WHAT IS REQUIRED: Copy the data verbatim and leave out every picture.

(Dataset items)
= Beginning of Section =
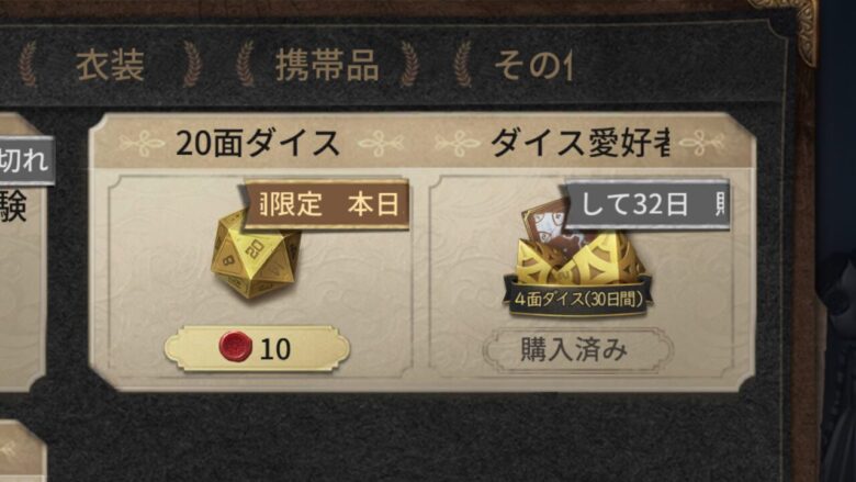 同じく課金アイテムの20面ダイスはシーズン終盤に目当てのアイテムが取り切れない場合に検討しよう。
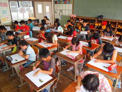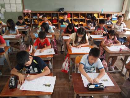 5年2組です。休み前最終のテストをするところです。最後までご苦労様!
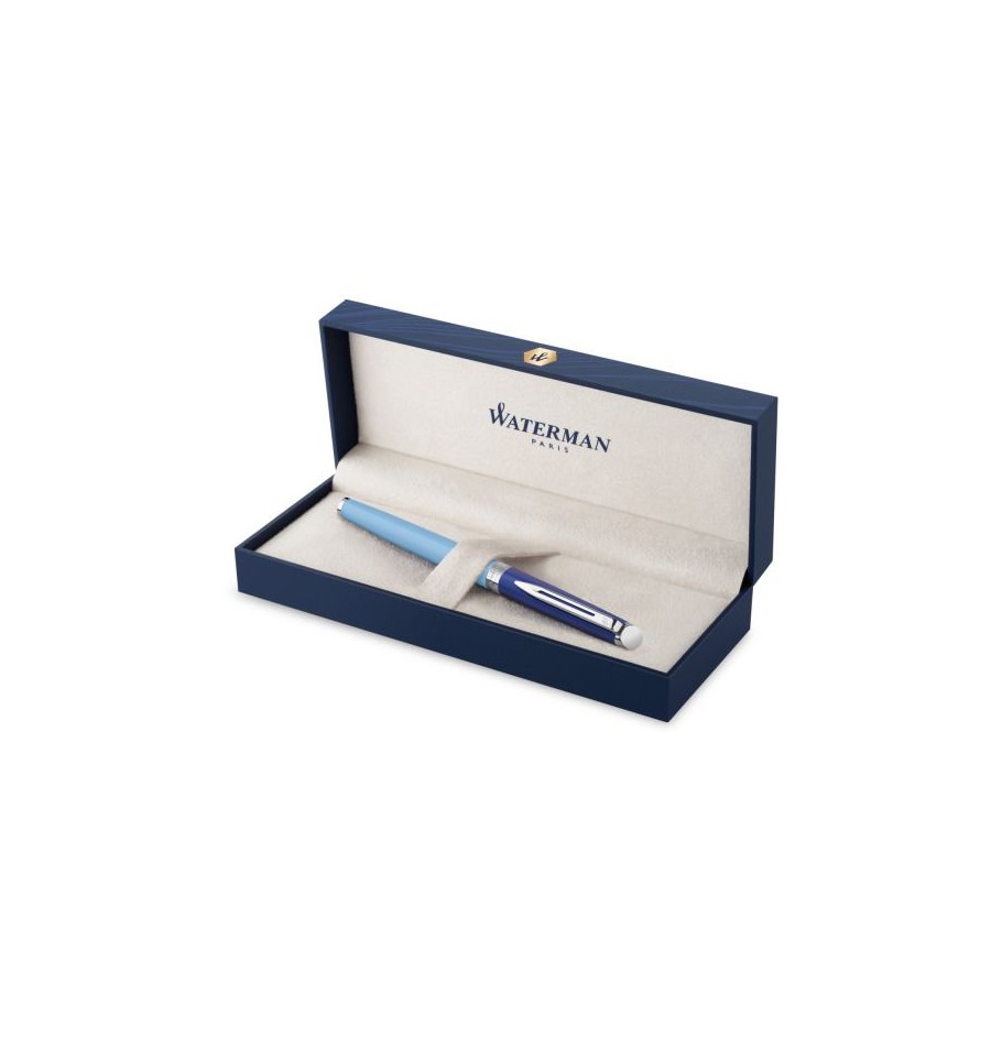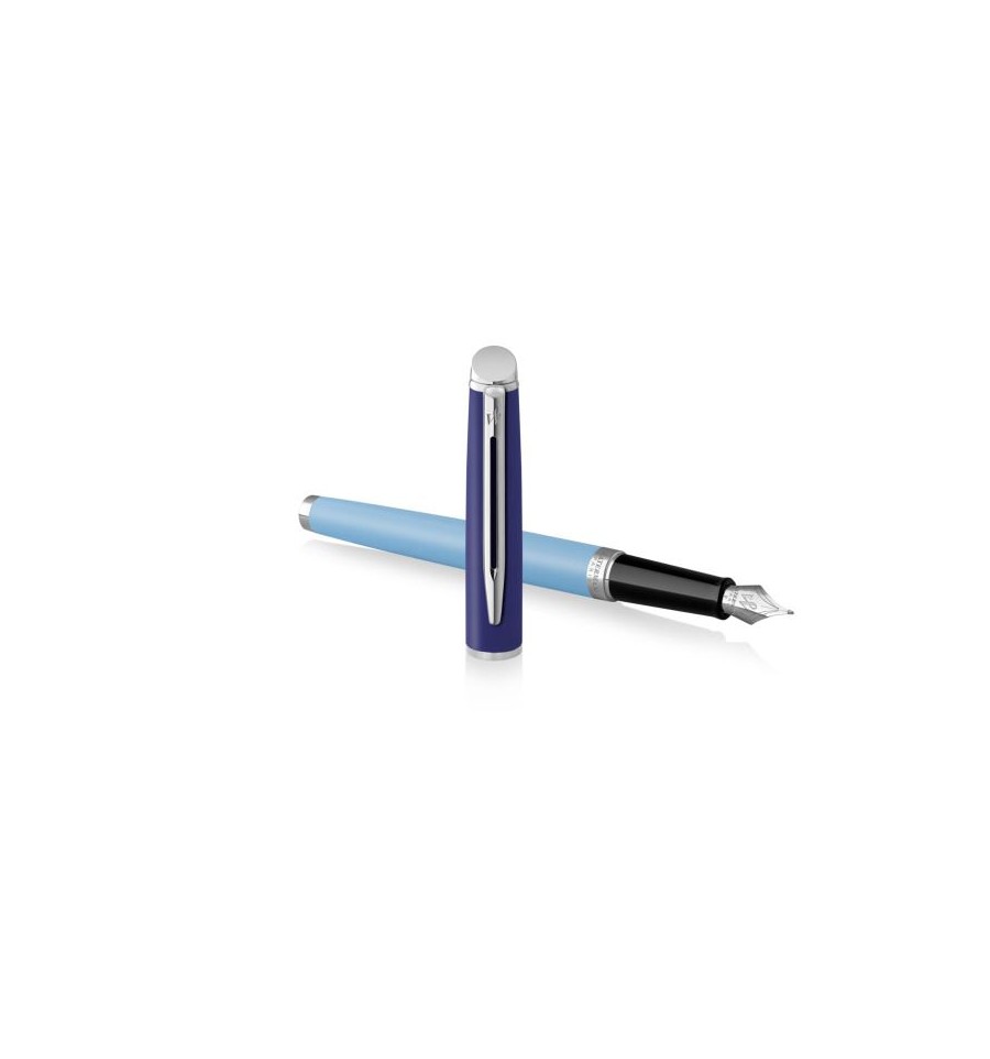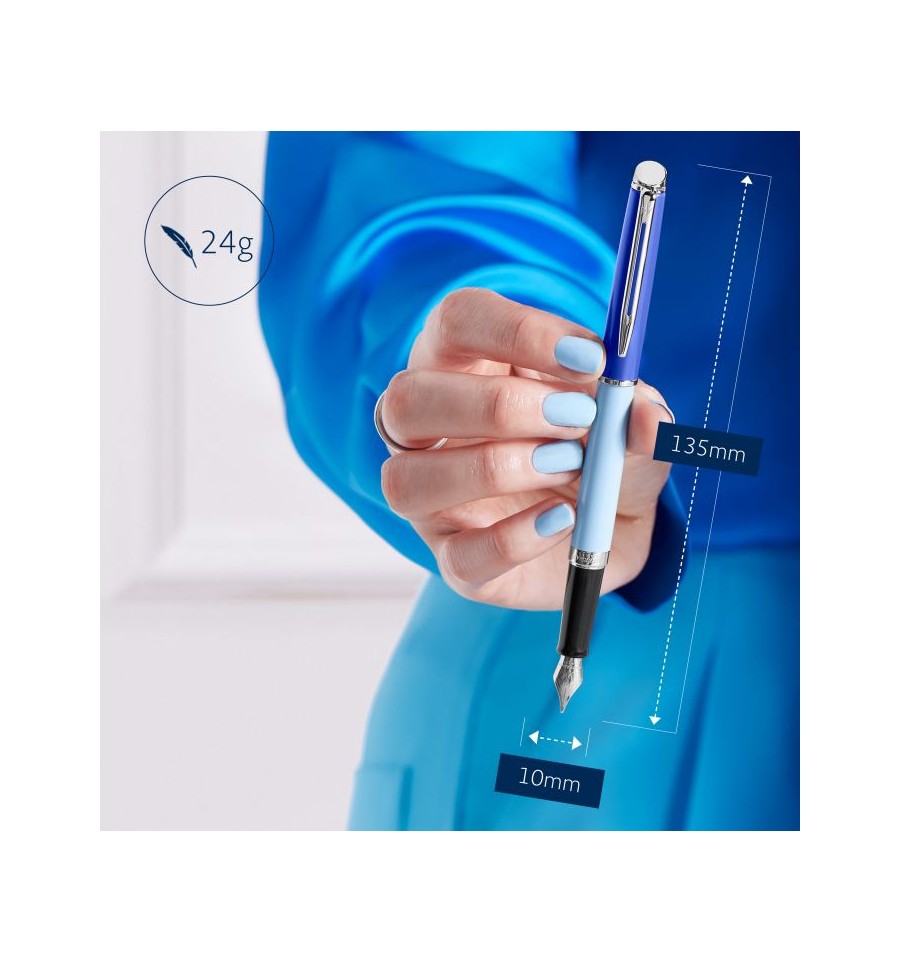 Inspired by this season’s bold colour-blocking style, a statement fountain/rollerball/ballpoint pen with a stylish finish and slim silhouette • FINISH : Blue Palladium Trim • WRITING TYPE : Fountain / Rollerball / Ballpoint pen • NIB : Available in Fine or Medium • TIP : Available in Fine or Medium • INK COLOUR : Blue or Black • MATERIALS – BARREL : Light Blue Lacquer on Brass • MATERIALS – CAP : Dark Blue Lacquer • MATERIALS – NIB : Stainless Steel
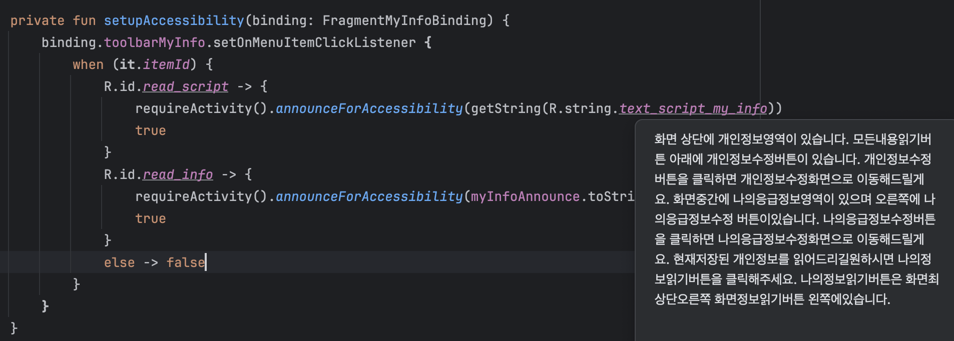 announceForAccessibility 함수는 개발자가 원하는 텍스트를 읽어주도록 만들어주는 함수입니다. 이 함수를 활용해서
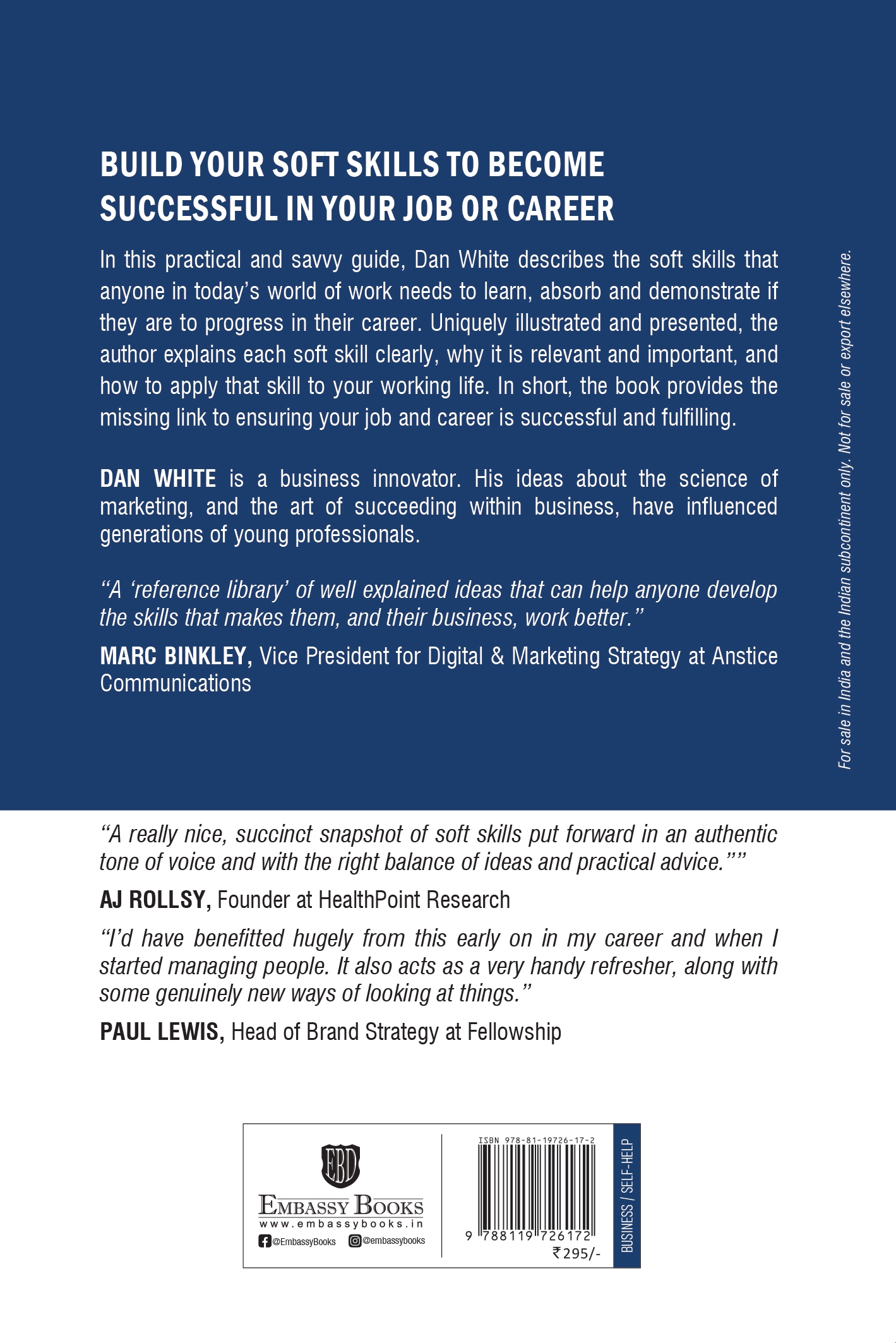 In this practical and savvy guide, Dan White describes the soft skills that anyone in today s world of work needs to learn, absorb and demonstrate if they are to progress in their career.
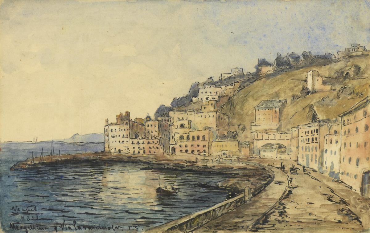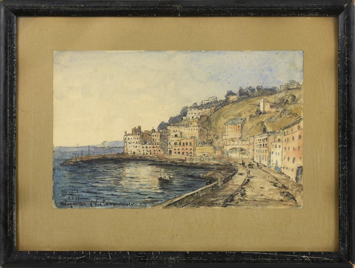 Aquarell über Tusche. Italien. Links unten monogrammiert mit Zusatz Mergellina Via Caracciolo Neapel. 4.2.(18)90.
= End of Section =
TASK SOLUTION:
 同じく課金アイテムの20面ダイスはシーズン終盤に目当てのアイテムが取り切れない場合に検討しよう。
 5年2組です。休み前最終のテストをするところです。最後までご苦労様!
 Inspired by this season’s bold colour-blocking style, a statement fountain/rollerball/ballpoint pen with a stylish finish and slim silhouette • FINISH : Blue Palladium Trim • WRITING TYPE : Fountain / Rollerball / Ballpoint pen • NIB : Available in Fine or Medium • TIP : Available in Fine or Medium • INK COLOUR : Blue or Black • MATERIALS – BARREL : Light Blue Lacquer on Brass • MATERIALS – CAP : Dark Blue Lacquer • MATERIALS – NIB : Stainless Steel
 announceForAccessibility 함수는 개발자가 원하는 텍스트를 읽어주도록 만들어주는 함수입니다. 이 함수를 활용해서
 In this practical and savvy guide, Dan White describes the soft skills that anyone in today s world of work needs to learn, absorb and demonstrate if they are to progress in their career.
 Aquarell über Tusche. Italien. Links unten monogrammiert mit Zusatz Mergellina Via Caracciolo Neapel. 4.2.(18)90.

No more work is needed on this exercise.